I'm sure this is fairly simple, however I have a major mental block on it, so I need a little help here!

I have an array of 5 integers, the array is already filled with some data. I want to set the last N bits of the array to be random noise.

[int][int][int][int][int]

eg. set last 40 bits

[unchanged][unchanged][unchanged][24 bits of old data followed 8 bits of randomness][all random]
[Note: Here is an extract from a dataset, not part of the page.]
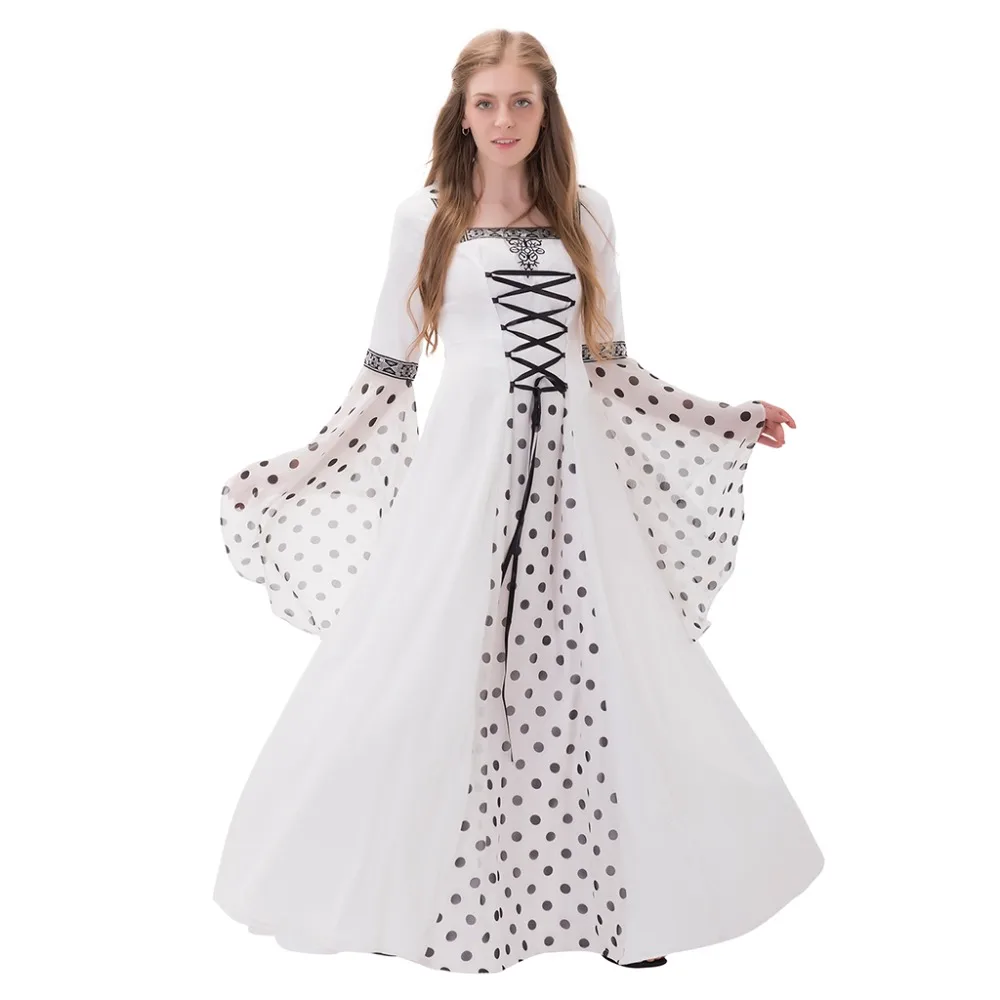 Masquerade Ball Dress Medieval Wedding Ball Gown Romantic Gothic Vampire Dress Riding Hood Fairy Tale Cosplay Dress J99Size :XS,S,M ,L,XL,2XL,3XL ( processing time :5-7business days) Custom Made size (one size :leave a note with size information place the order :gender ,chest ,shoulder width ,waist ,hips ,full height ,outside leg length ,processing time:7-10 business days) Delivery time: 5-8business days with Fedex,DHL Dress details : 1.White with Black shows it Mysterious ,great suitable for Medieval Wedding,Medieval Reenactments,Cosplay Parties,Renaissance Fairs ,Halloween Carnivals Parties.2.Ployester fabric : affinitive with the skinand,good drap shows the dress more dignified and magnanimous ,makes you more sweet and refreshing.no harassment.

This is largely language agnostic, but I'm working in C# so bonus points for answers in C#

+1  A: 

When you XOR any data with random data, the result is random, so you can do this:

Random random = new Random();
x[x.Length - 2] ^= random.Next(1 << 8);
x[x.Length - 1] = random.Next(1 << 16);
x[x.Length - 1] ^= random.Next(1 << 16) << 16;

For a general solution for any N you can use a loop:

for (int i = 0; i < 40; ++i)
{
    x[x.Length - i / 32 - 1] ^= random.Next(2) << (i % 32);
}

Note that this calls random more times than necessary, but is simple.

Mark Byers
This is only a solution for the specific example I gave above,not the general case? Besides that, I don't quite understand what you're doing in the last case, why the two sets of randomness for the last index?
Martin
@Martin: First set the lower 16 bits, then set the upper 16 bits.
Mark Byers
Ah, because if you just used the 32 bits from random the msb would never be set thanks to 2s complement?
Martin
@Martin: Yes, if you use random.Next() you can get only 31 random bits because it guarantees only positive values.
Mark Byers
A: 

In pseudo-Python:

N        = 5   # array size
bits     = 40  # for instance
int_bits = 32  # bits in one integer

i = N
while bits > 0:
    value_bits  = min (bits, int_bits)
    bits       -= value_bits
    mask        = (1 << value_bits) - 1

    i -= 1
    array[i] ^= random () & mask
doublep
@Martin: To think, this depends on machine endiness. What exactly do you mean by last bits?
doublep
Oops, it's Big Endian
Martin
+3  A: 

Without any bit-fu in C#:

BitArray ba = new BitArray (originalIntArray);
for (int i = startToReplaceFrom; i < endToReplaceTo; i++)
    ba.Set (i, randomValue);
Foxfire
Ah, a bit array, of course! I was all up to my neck in bit foo and didn't think of the obvious
Martin
A: 

Int32 is 4 bytes or 32 bits.
So you need the last int, and 8 bits extra.

int lastEightBitsMask = 0x000F + 1;
Random rand = new Random();
arr[arr.Length - 1] = rand.Next();
arr[arr.Length - 2] ^= rand.Next(lastEightBitsMask);

Explanation:
The last element's modification should be pretty clear - if you need the last 40 bits, the last 32 bits are included in that.
The remaining eight bits's modification is bounded above by 0x000F + 1, since rand.Next's argument is an exclusive upper bound, the randoms generated will be no more than that. The remaining bits of the number will stay the same, since 1^0 == 1 and 0^0 == 0.

Rubys